## Data listing
◆ ◆ ◆ ◆ ◆ ◆ ◆

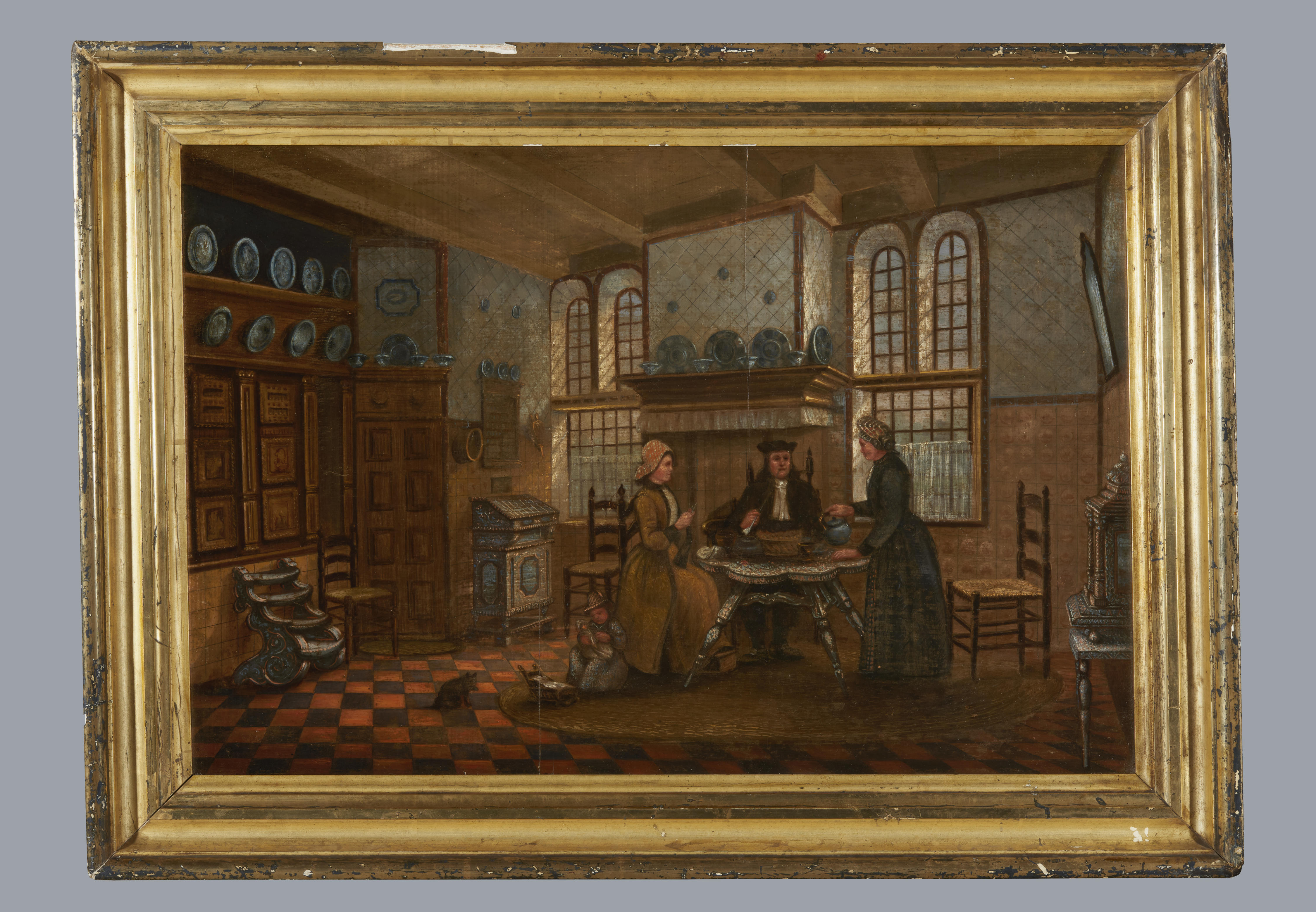 Twee vrouwen en een man in Noord-Hollands interieur,...
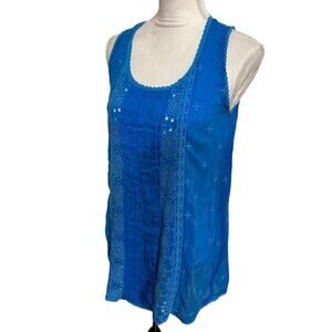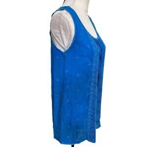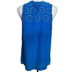 Johnny Was Royal Blue Eyelet Pleated Sleeveless Boho Cottage core Blouse - XS
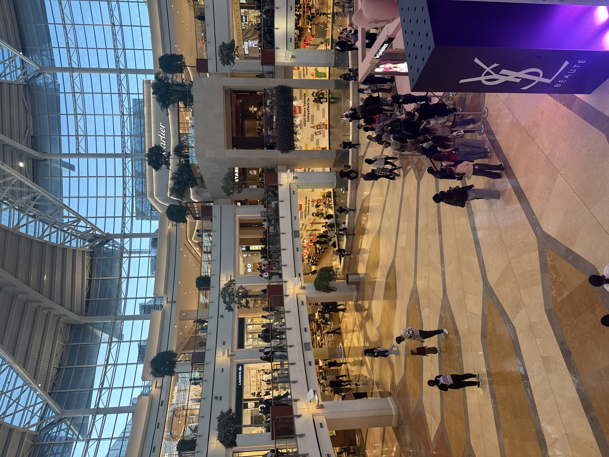 n indoor scene of a multi-story mall with a glass ceiling. Several stores are visible on multiple levels, including Lacoste, BO, Cartier, MaxMara and a LEGO store. A large crowd of people is gathered near a "YSL BEAUTE" promotional display. The location is a mall in Sarıyer, Turkey. People are walking around, browsing stores, and interacting with the promotional display. The environment is brightly lit with natural light from the glass ceiling and artificial lighting within the mall. The floor has a patterned design with alternating shades of beige.
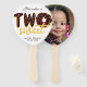 Por um segundo aniversário com o tema Dois Doce / rosquinhas / doces. As letras em DOIS estão cobertas de glacé de chocolate com aspersão colorida. O O é uma rosquinha coberta de chocolate. Sob isso, a palavra "doce" é escrita em um guião bege. Acima dessa imagem, em caracteres castanhos menores, está o texto [Name] é". Sob tudo, a ocasião e a data são bonés marrons. No verso, há uma foto marcante de uma garotinha com rabos, de Pixabay, grátis para uso comercial.
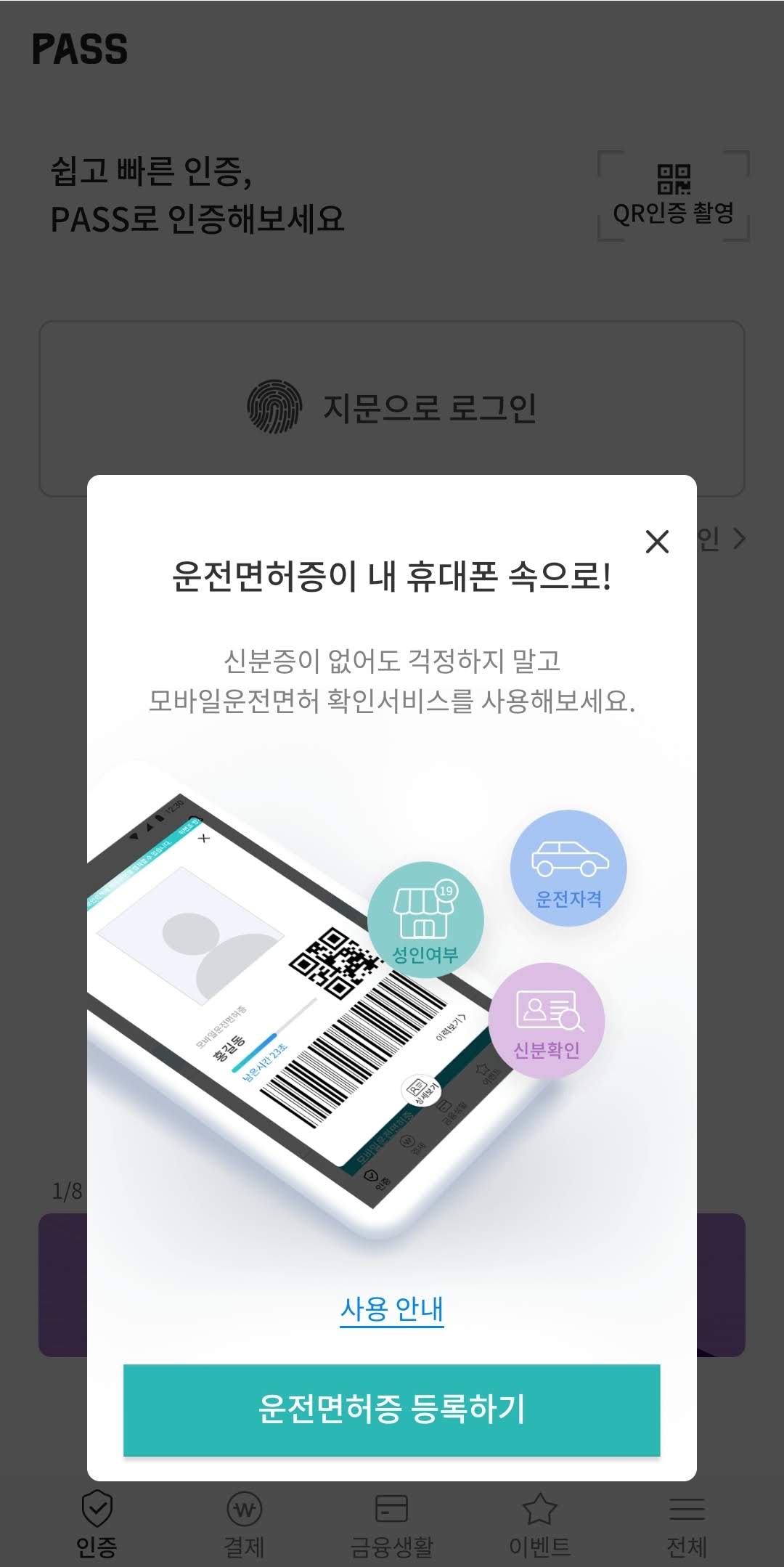 본인확인을 거치면 운전면허증을 촬영해야한다. 기존에 패스 앱에 등록되있는 본인인증 기술을 활용하여 바로 운전면허를 조회해서 등록하는건줄 알았는데 그건 아니더라.
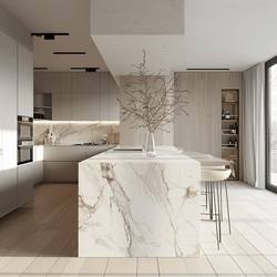 Cuisine en contreplaqué au design moderne haut de gamme personnalisé avec îlot de comptoir en marbre
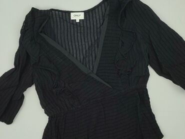 Bluzka damska ONLY (Blue Denim), rozmiar L. - Krój kopertowy z głębokim dekoltem V - Marszczona, lekko kreszowana tkanina z delikatnym prążkowaniem - Kolor: beżowy/neutralny - Rękawy 3/4 z lekkim ...
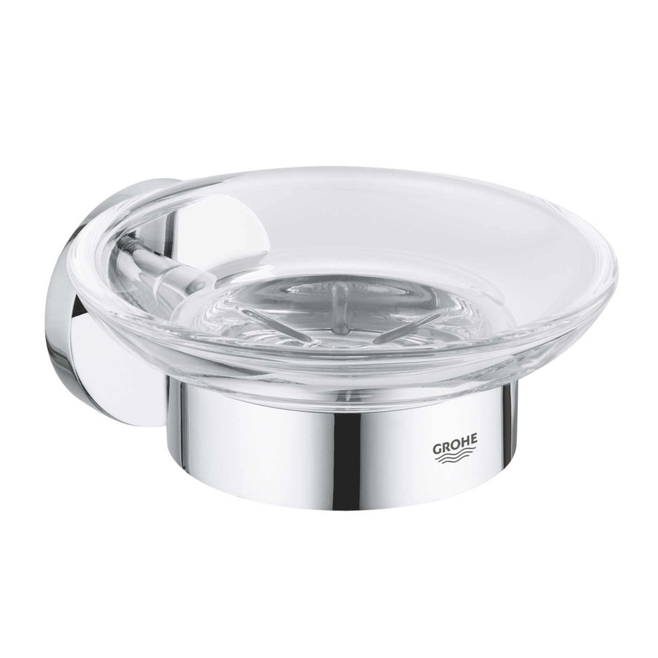 Savoniera din sticla Grohe Essentials cu suport crom lucios
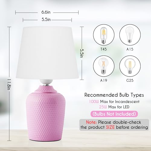 Editor's Pick: This pink table lamp set includes two compact bedside lamps measuring 11.8 inches tall, perfect for smaller bedrooms, children's rooms, or home offices. The lamp bases feature a unique textured design paired with pure white fabric lampshades for a modern and cute appearance. Easy to install, they come with 5.4-foot power cords and standard E26 lamp sockets compatible with various bulb types.
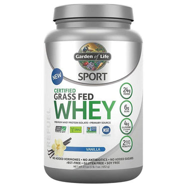 Garden of Life Sport Grass Fed Whey is different from the average whey protein on the supplement market. This whey protein is a certified grass fed, clean, premium-quality protein that you will wish you had known about sooner! GOL Sport's Grass-Fed Whey helps you refuel after a workout with a hearty 24 grams of protein in its formula, along with 6 grams of BCAAs for further increased recovery. This is already more than other whey proteins can say about their formulas', but it doesn't even stop there for Garden of Life Sport Grass Fed Whey Protein! Garden of Life Sport Grass Fed Whey Protein is truly grass-fed whey protein, and it is certified so. It has no added hormones, antibiotics, or sugar, and uses the cleanest ingredients, as is a staple of Garden of Life and Garden of Life Sport products! So if you're looking for a grass-fed whey protein that is the best of the best, look no further than Garden of Life Sport Grass Fed Whey Protein!
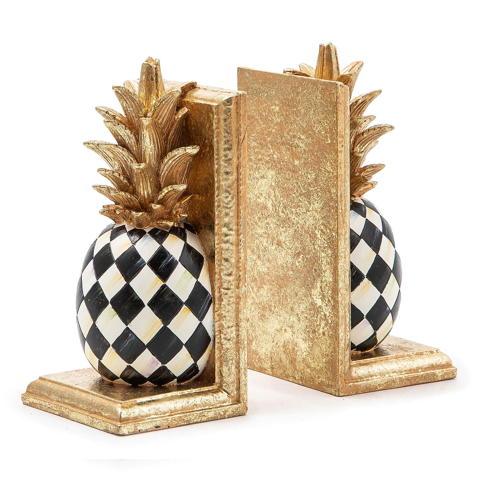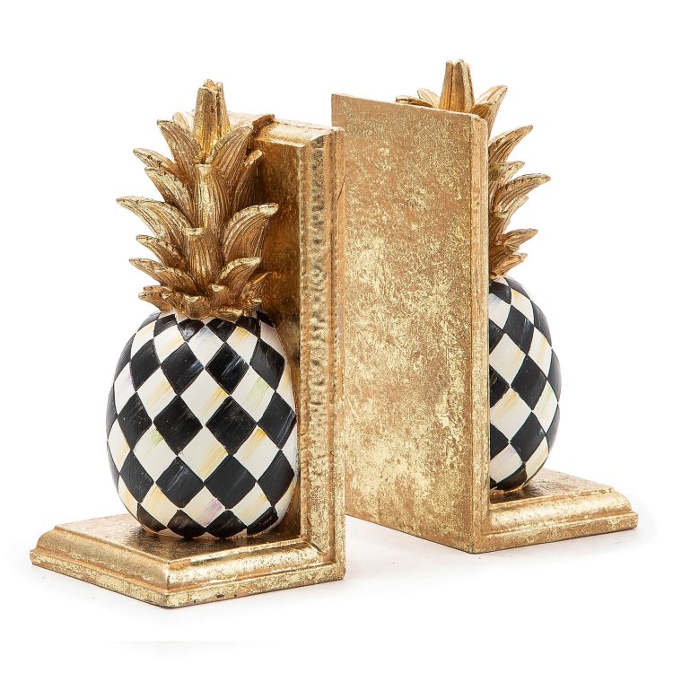 Put books on display stylishly with this set of pineapple bookends, featuring hand-painted harlequin checks and gold leaf on the leaves and bases.
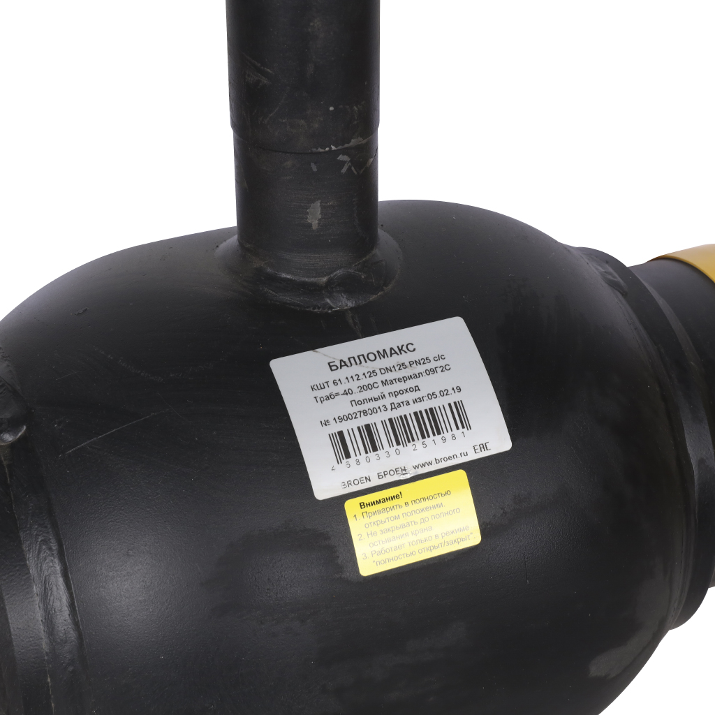 БРОЕН Балломакс КШТ 61.112.125 кран шаровой стальной для теплоснабжения полный проход с/с DN 125 PN 25 с рукояткой [КШТ 61.112.125.А] 585556 Сертификаты Эк

◆ ◆ ◆ ◆ ◆ ◆ ◆

## Activity
All records above must be output exactly as they stand, excluding pictures.

## Output of the task
 Twee vrouwen en een man in Noord-Hollands interieur,...
 Johnny Was Royal Blue Eyelet Pleated Sleeveless Boho Cottage core Blouse - XS
 n indoor scene of a multi-story mall with a glass ceiling. Several stores are visible on multiple levels, including Lacoste, BO, Cartier, MaxMara and a LEGO store. A large crowd of people is gathered near a "YSL BEAUTE" promotional display. The location is a mall in Sarıyer, Turkey. People are walking around, browsing stores, and interacting with the promotional display. The environment is brightly lit with natural light from the glass ceiling and artificial lighting within the mall. The floor has a patterned design with alternating shades of beige.
 Por um segundo aniversário com o tema Dois Doce / rosquinhas / doces. As letras em DOIS estão cobertas de glacé de chocolate com aspersão colorida. O O é uma rosquinha coberta de chocolate. Sob isso, a palavra "doce" é escrita em um guião bege. Acima dessa imagem, em caracteres castanhos menores, está o texto [Name] é". Sob tudo, a ocasião e a data são bonés marrons. No verso, há uma foto marcante de uma garotinha com rabos, de Pixabay, grátis para uso comercial.
 본인확인을 거치면 운전면허증을 촬영해야한다. 기존에 패스 앱에 등록되있는 본인인증 기술을 활용하여 바로 운전면허를 조회해서 등록하는건줄 알았는데 그건 아니더라.
 Cuisine en contreplaqué au design moderne haut de gamme personnalisé avec îlot de comptoir en marbre
 Bluzka damska ONLY (Blue Denim), rozmiar L. - Krój kopertowy z głębokim dekoltem V - Marszczona, lekko kreszowana tkanina z delikatnym prążkowaniem - Kolor: beżowy/neutralny - Rękawy 3/4 z lekkim ...
 Savoniera din sticla Grohe Essentials cu suport crom lucios
 Editor's Pick: This pink table lamp set includes two compact bedside lamps measuring 11.8 inches tall, perfect for smaller bedrooms, children's rooms, or home offices. The lamp bases feature a unique textured design paired with pure white fabric lampshades for a modern and cute appearance. Easy to install, they come with 5.4-foot power cords and standard E26 lamp sockets compatible with various bulb types.
 Garden of Life Sport Grass Fed Whey is different from the average whey protein on the supplement market. This whey protein is a certified grass fed, clean, premium-quality protein that you will wish you had known about sooner! GOL Sport's Grass-Fed Whey helps you refuel after a workout with a hearty 24 grams of protein in its formula, along with 6 grams of BCAAs for further increased recovery. This is already more than other whey proteins can say about their formulas', but it doesn't even stop there for Garden of Life Sport Grass Fed Whey Protein! Garden of Life Sport Grass Fed Whey Protein is truly grass-fed whey protein, and it is certified so. It has no added hormones, antibiotics, or sugar, and uses the cleanest ingredients, as is a staple of Garden of Life and Garden of Life Sport products! So if you're looking for a grass-fed whey protein that is the best of the best, look no further than Garden of Life Sport Grass Fed Whey Protein!
 Put books on display stylishly with this set of pineapple bookends, featuring hand-painted harlequin checks and gold leaf on the leaves and bases.
 БРОЕН Балломакс КШТ 61.112.125 кран шаровой стальной для теплоснабжения полный проход с/с DN 125 PN 25 с рукояткой [КШТ 61.112.125.А] 585556 Сертификаты Эк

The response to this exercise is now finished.